The Pastoral Constitution on the Church in the Modern World (Gaudium et spes) is worth reading—particularly §27:
[…] Furthermore, whatever is opposed to life itself, such as any type of murder, genocide, abortion, euthanasia or willful self-destruction, whatever violates the integrity of the human person, such as mutilation, torments inflicted on body or mind, attempts to coerce the will itself; whatever insults human dignity, such as subhuman living conditions, arbitrary imprisonment, deportation, slavery, prostitution, the selling of women and children; as well as disgraceful working conditions, where men are treated as mere tools for profit, rather than as free and responsible persons; all these things and others of their like are infamies indeed. They poison human society, but they do more harm to those who practice them than those who suffer from the injury. Moreover, they are supreme dishonor to the Creator.
As followers of Christ, we are morally obligated to extend our sense of neighborliness to every individual we meet—even those steeped in addiction. This encompasses the neglected elderly, the stigmatized foreign worker, displaced refugees, children suffering due to circumstances beyond their control, and those plagued by hunger whose very presence pricks our conscience, reminding us of Christ's words, "Whatever you did for one of the least of these brothers and sisters of mine, you did for me" (Matthew 25:40).

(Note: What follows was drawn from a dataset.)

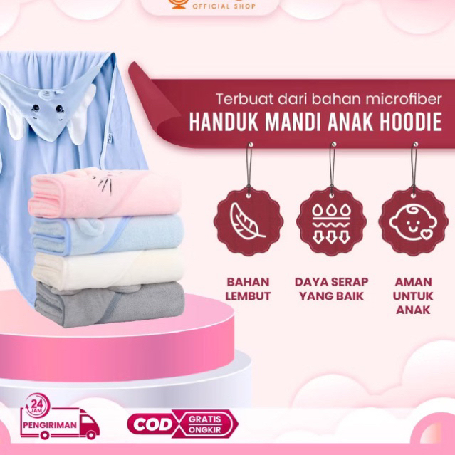 Handuk Mandi Handuk Murah Handuk Lembut HAnduk Bayi Kupluk Handuk Tebal Menyerap Air 0-6 Tahun

Walker Percy's The Thanatos Syndrome provides an instructive lens through which to view this immoral quagmire. Just as Father Smith serves as a conscience against the impersonal, technocratic ethos that threatens to supplant genuine moral reasoning in the novel, so too must we be critics and moral arbiters in the face of this deeply flawed legislation. Father Smith's cautionary words about the corrosive effects of a misguided compassion that can ultimately lead to "the gas chamber" should ring in our ears as we consider the implications of a law that undermines the inviolable dignity of the human person for the sake of alleged 'compassion.'
As Christians, we are morally compelled to stand against this dehumanizing trend and work tirelessly to affirm the sacredness of every human life. Note that euthanasia is gaining traction in the U.S.—it's at the forefront of policy discussions in the United States. Our theological and moral traditions provide us with the resources to critique, confront, and offer substantive alternatives to such life-denying policies. This is not a call for passive dissent but for active, faith-filled resistance. Once again, it is imperative to recall Christ's words, "Whatever you did for one of the least of these brothers and sisters of mine, you did for me" (Matthew 25:40). Our treatment of the most vulnerable among us is, ultimately, a reflection of our relationship with God Himself.